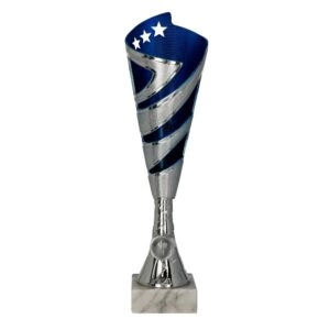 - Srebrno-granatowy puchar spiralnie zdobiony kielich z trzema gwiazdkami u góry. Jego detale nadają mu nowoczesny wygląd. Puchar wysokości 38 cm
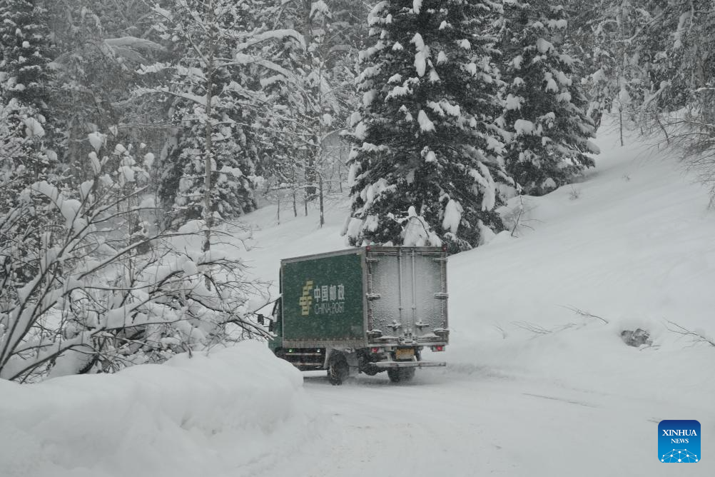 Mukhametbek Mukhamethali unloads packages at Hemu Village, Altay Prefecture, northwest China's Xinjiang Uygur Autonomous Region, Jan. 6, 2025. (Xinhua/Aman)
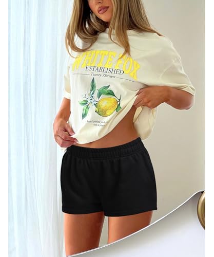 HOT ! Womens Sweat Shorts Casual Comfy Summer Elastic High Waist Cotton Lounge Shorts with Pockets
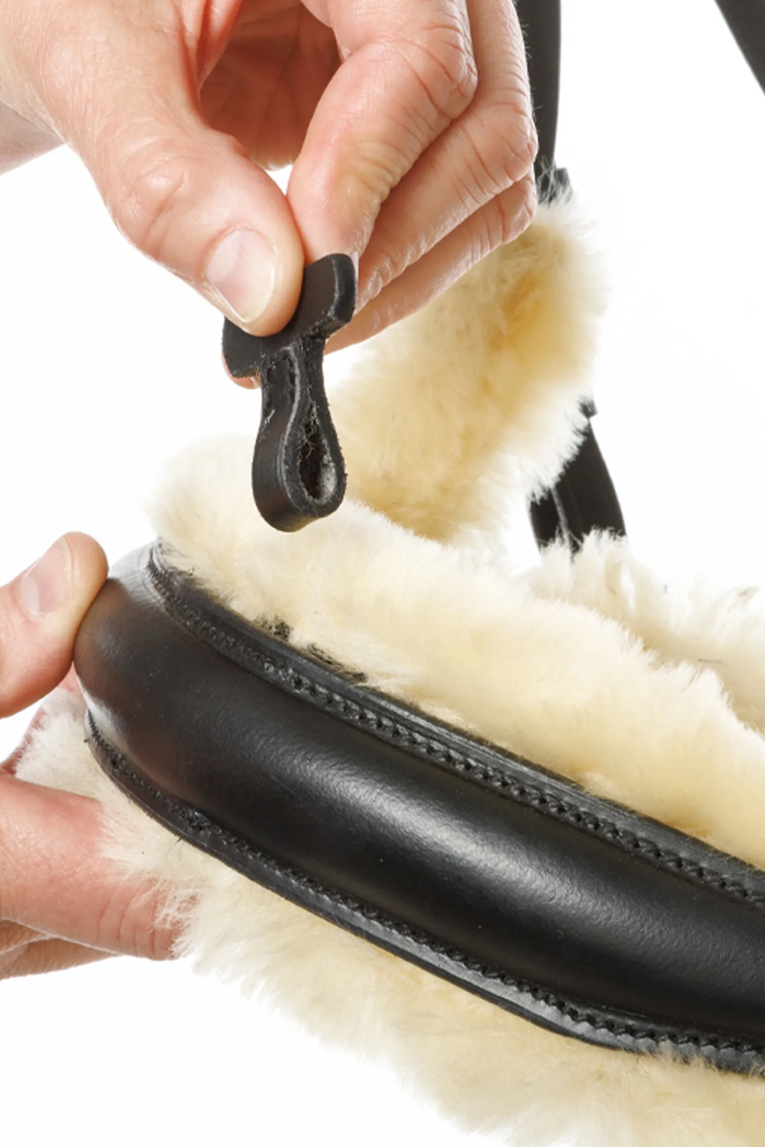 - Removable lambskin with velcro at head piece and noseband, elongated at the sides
══════════
== About this task ==
Give back an exact copy of only the lines from the one with "Mukhametbek Mukhamethali unloads" through the final line of the material, both included. Pictures do not belong in it.

== Answer ==
 Mukhametbek Mukhamethali unloads packages at Hemu Village, Altay Prefecture, northwest China's Xinjiang Uygur Autonomous Region, Jan. 6, 2025. (Xinhua/Aman)
 HOT ! Womens Sweat Shorts Casual Comfy Summer Elastic High Waist Cotton Lounge Shorts with Pockets
 - Removable lambskin with velcro at head piece and noseband, elongated at the sides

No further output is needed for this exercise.